From Clarkdale to Sandy Bridge

The current crop of 32nm "Clarkdale" Core i3 and Core i5 processors are exclusively dual-core, meaning that in order to support 4 threads they must rely on Hyper-Threading. Sandy Bridge on the other hand will offer both dual and quad-core processors, though not all will support Hyper-Threading technology.

L3 cache support in Clarkdale CPUs was limited to 4MB. The Sandy Bridge architecture differs, though things are a little more confusing. The Core i5 range will provide a 6MB L3 cache, while the Core i7 processors will receive 8MB L3 cache. The more affordable Core i3 range will be cut down to a 3MB L3 cache.

However the Sandy Bridge architecture features a shared L3 cache that is shared across all cores and the processor graphics as well. Intel claims that this shared cache design delivers more performance and greater energy efficiency.

A problem with the Nehalem architecture was that regardless of how many cores the processor had (two, four or six), each individual core had its own private path to the L3 cache. This makes the processor considerably more complex and becomes a larger issue when adding more cores. It's said that each core required around 1000 wires and when adding a GPU to the equation even more wires are required.

Sandy Bridge adds a GPU and video transcoding engine on-die that share the L3 cache.

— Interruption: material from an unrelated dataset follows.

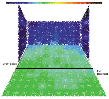 Dining Room - Surface temperatures of the floor and glazing. The graph is keyed by color, where each change in hue represents a one degree change in temperature (° F). Surface temperatures were recorded at 12" intervals across the floor and the glazing. The black line indicates the area below the floor where the foundation of the full basement ends and the unexcavated crawlspace begins. Surface temperatures in the dining room are almost ten degrees cooler at the glazing, though there is a cold shadow falling on the floor immediately below the windows, which is caused by the cold air next to the glass falling the the floor in the absence of the fully functional heating system.
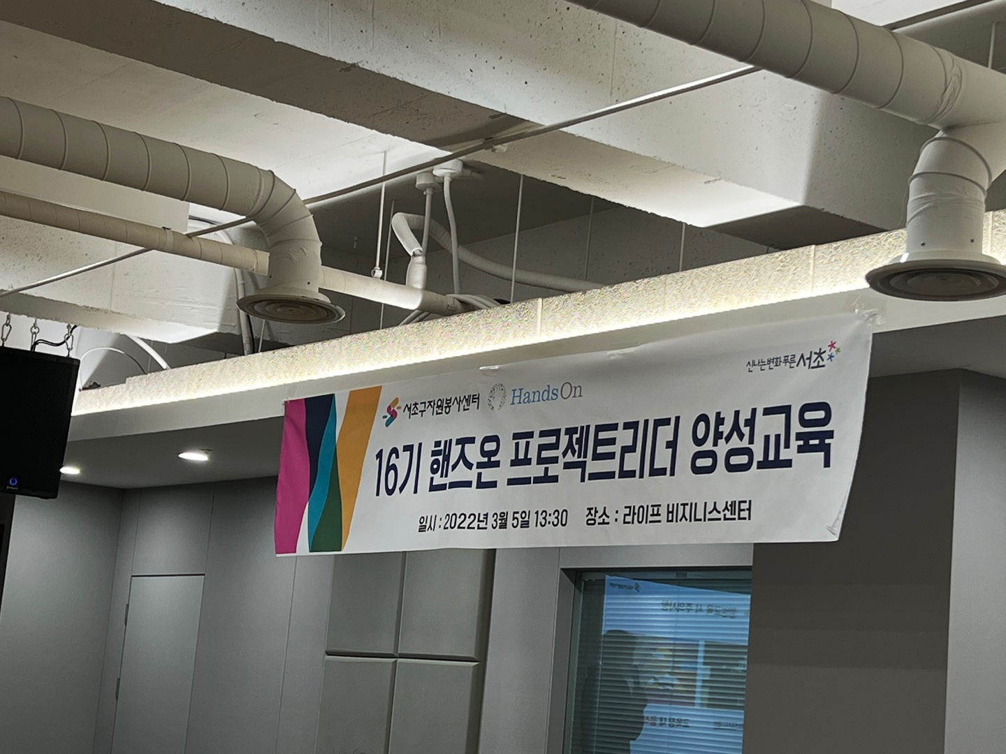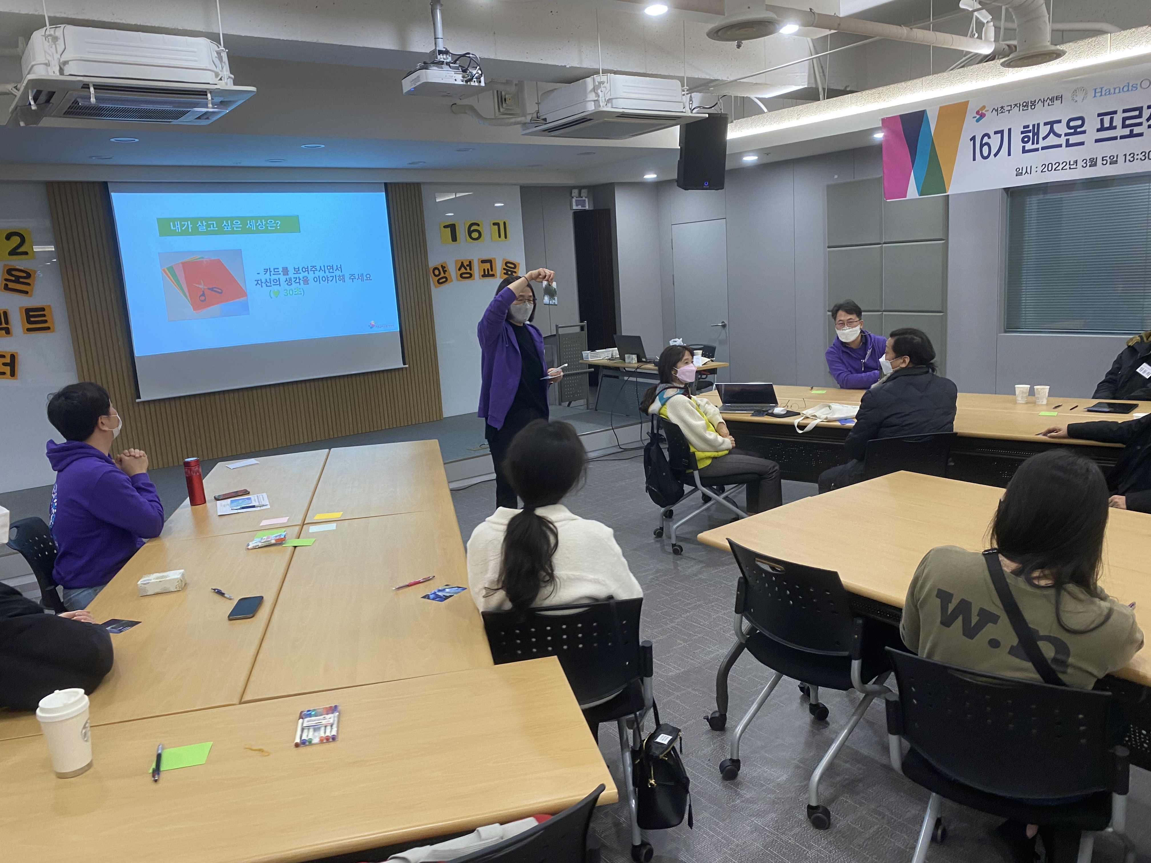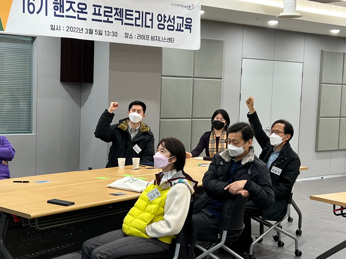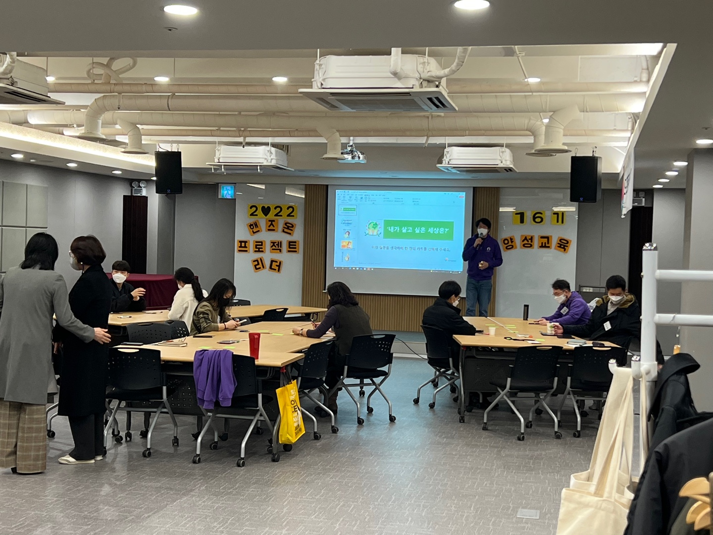 진행을 위해 핸즈온프로젝트 정은희 팀장님 외 4명이 함께해주셨습니다. 이 날 양성교육은 활동하고 계신 프로젝트리더 분들이 하나하나 프로그램을 구성해 자기소개부터 신규 리더분들을 위한 강의를 진행해주셨습니다.

Rather than laying out another 2000 wires to the L3 cache Intel introduced a ring bus. The ring features four separate rings: data, request, acknowledge and snoop. Each core, the graphics processor, the video transcoding engine and system agent all have their own stop on the ring bus.

For those of you who are wondering what the system agent is, it's essentially the on-die North Bridge. Previously Intel has coined this as the un-core, but for some reason it is now titled system agent. Regardless everything is much the same in terms of features, as you get a single PCIe 2.0 x16 lane which can be split into dual x8 lanes when using multi-GPU technology.

The dual-channel DDR3 memory controller has been improved as it falls back on the Lynnfield design. Whereas Clarkdale moved the memory controller off the CPU die and onto the GPU, it is now back on the CPU die with the Sandy Bridge architecture.

Another major change has to do with the DMI interface between the processor and the Platform Controller Hub (PCH) otherwise known as the chipset. The LGA1156 processors communicate to the PCH using the DMI interface which provides a bandwidth of 2GB/s. Because the PCI Express 2.0 x16 lanes and the DDR3 DIMM slots are connected directly to the processor, the limited 2GB/s bandwidth was never a problem.

However with the introduction of SATA 6Gb/s and USB 3.0, more bandwidth between the CPU and PCH will be required. Therefore Intel has upgraded to the DMI 2 interface, which provides four PCI Express 2.0 x1 lanes for a maximum theoretical bandwidth of 2GB/s in each direction, for an aggregate of 4GB/s.

Also new to Sandy Bridge is the Intel Advanced Vector Extensions (AVX) which is the latest expansion of the Intel instruction set. It extends the Intel Streaming SIMD Extensions (SSE) from 128-bit vectors into 256-bit vectors. Intel AVX addresses the continued need for vector floating-point performance in mainstream scientific and engineering numerical applications, visual processing, recognition, data-mining/synthesis, gaming, physics, cryptography and other areas of applications.

The enhancement in Intel AVX allows for improved performance due to wider vectors, new extensible syntax, and rich functionality including the ability to better manage, rearrange, and sort data.